One reason is that it would be hard to reason about what the
operator means - for example if there is one operator overload in
module `a` and another one in `b`, that have compatible operand
types, and both imports are used in the same project for
different modules.
Restricting operator overloading to the type definition avoids
this problem.
That in itself might not be too much of a problem, but then any
expression may implicitly convert to a type that has an operator
overload defined. It can get hard to see what is going on, and
free function operator overloads would complicate this.
"1 Operator overloading is accomplished by rewriting operators
whose operands are class or struct objects into calls to
specially named members. No additional syntax is used."

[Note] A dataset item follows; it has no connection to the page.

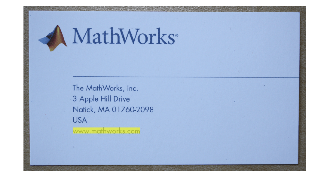 businessCard = imread("businessCard.png"); ocrResults = ocr(businessCard); bboxes = locateText(ocrResults, "www.*com","UseRegexp", true); img = insertShape(businessCard, "FilledRectangle", bboxes); figure imshow(img)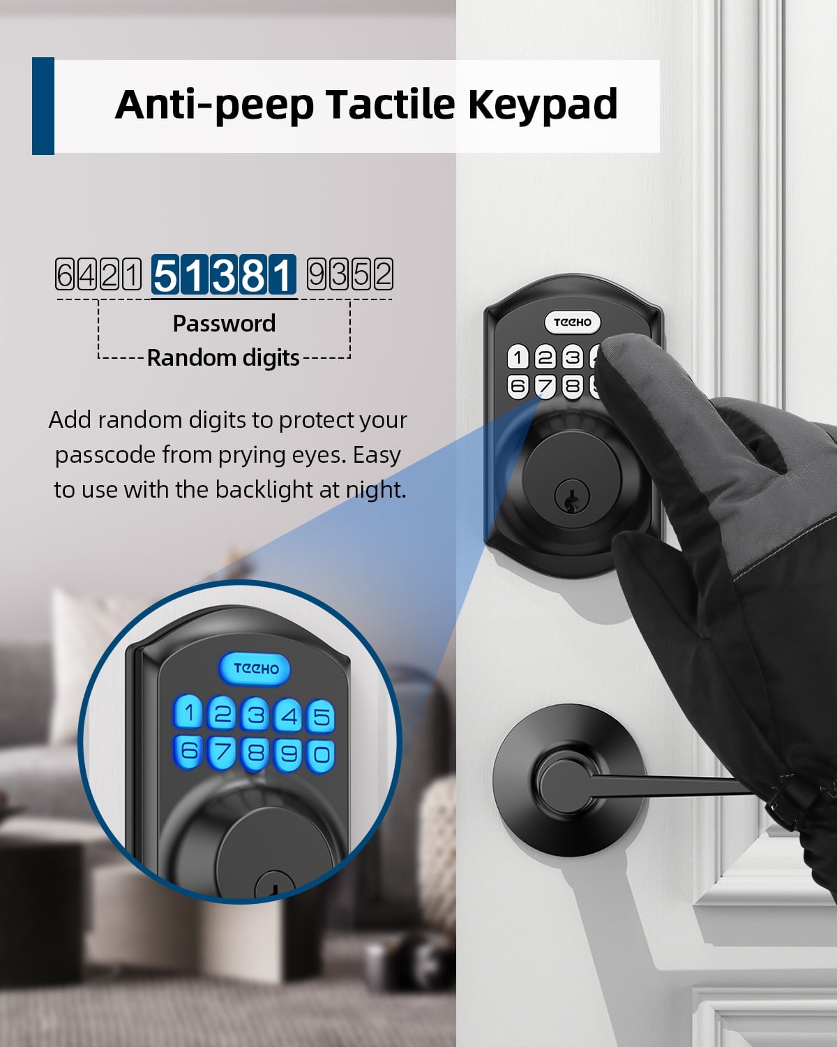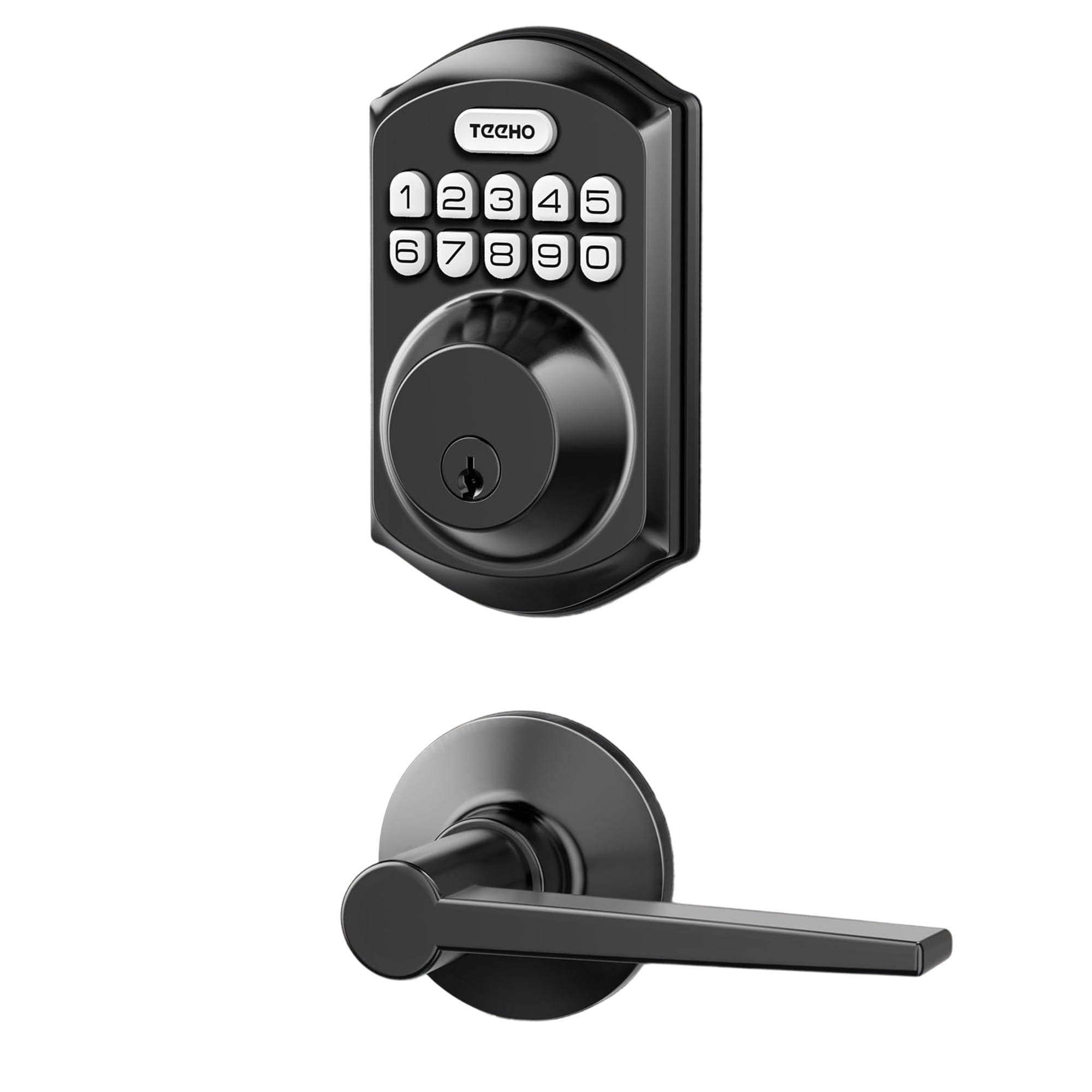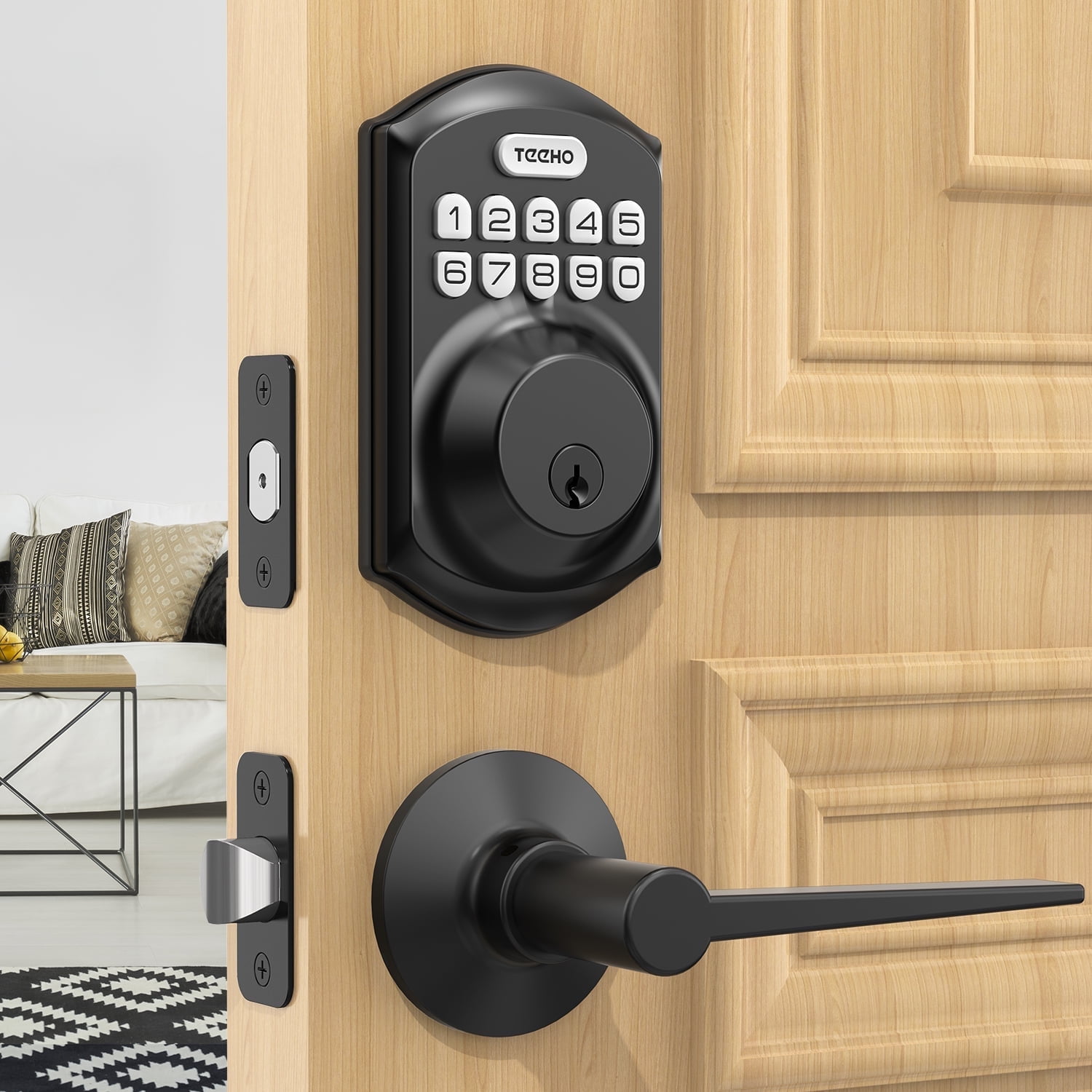 TEEHO Keyless Entry Door Lock with 2 Handles Set, Keypad Deadbolt Smart Door Locks, Electronic Digital Lock for Home Front Door Easy Installation- Matte Black

I'd like to overload "~" to concatenate a string with a integer
and do something else, like:
auto s = "1" ~ 2;
That is already valid code, because `int` implicitly converts to
`dchar`, which can be appended to a string. E.g. `"1" ~ 42` gives
`"1*"`. (BTW I don't think integer types should implicitly
convert to character types). I trust you see how implicit
conversions can get complicated in combination with operators.